A central figure in France's last literary movement, Le Nouveau Roman or New Novel, Robbe-Grillet published Towards a New Novel (1962), a widely acclaimed collection of essays in which he defends his literary thesis against those who say it lacks humanity; Snapshots (1962), a collection of short stories; Topology of a Phantom City (1976) and Recollections of the Golden Triangle (1978), which are primarily collages of collaborations with artists and photographers; and Djinn: a red hole between disjointed paving stones (1982), a light, humorous novel originally written as a textbook, titled Le rendez-vous (1981), with Cal State Domingues Hills Professor Yvone Lenard. Evolving from Robbe-Grillet's interest in film were two cinematic novels, The House of Assignation (1965) and Project for a Revolution in New York (1970), so called because they have the feel of a film, but are remarkably anti-visual. Robbe-Grillet also wrote and directed the films: The Slow Sliddings of Pleasure (1974), Playing with Fire (1975), The Fair Captive ((1983), and The Blue Villa (1995).
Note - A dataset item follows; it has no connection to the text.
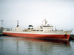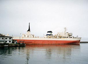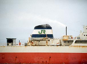 青森港に停泊中の空知丸。青函連絡船には貨物船が何隻か就航していましたが最後まで残った貨物船が空知丸でした。 桧山丸、石狩丸はこの空知丸型が改造されたものです。JRのマークを掲げた貨物船は結果として空知丸だけでした。貨物船はあっさりした船の形がとても魅力的でした。

A three-part imaginary autobiography of Robbe-Grillet includes: Ghosts in the Mirror (1991), Angeleque, or the Enchantment (1988), and The Last Days of Corinthe (1994). For Robbe Grillet in English, see Understanding Robbe-Grillet (1997); The Erotic Dream Machine: Interviews with Alain Robbe-Grillet on his Films (1992) by Anthony Fragola and Roch Smith; John Fletcher, Alain Robbe-Grillet (1983); Ilona Leki, Alain Robbe-Grillet (1983), Ben F. Stoltzfus, Alain Robbe-Grillet and the New French Novel (1964). See also Bruce Morrissette, Alain Robbe-Grillet (1965). Robbe-Grillet is discussed in John Sturrock, The French New Novel (1969) and Raylene Ramsay, The French New Autobiographies (1996). English criticisms of his work, include: Marjorie Hellerstein, Inventing the Real World: the Art of Alain Robbe-Grillet (1998); Lillian Dunmars Roland, Women in Robbe-Grillet: a Study in Thematics and Diegetics (1993); Raylene Ramsay, Robbe-Grillet and Modernity: Science, Sexuality, and Subversion (1992); Bruce Morrissette, Novel and Film: Essays in Two Genres (1985); Patricia Deduck, Realism, Reality, and the Fictional Theory of Alain Robbe-Grillet and Anais Nin (1982); and Victor Carrabino, The Phenomenological Novel of Alain Robbe-Grille (1974).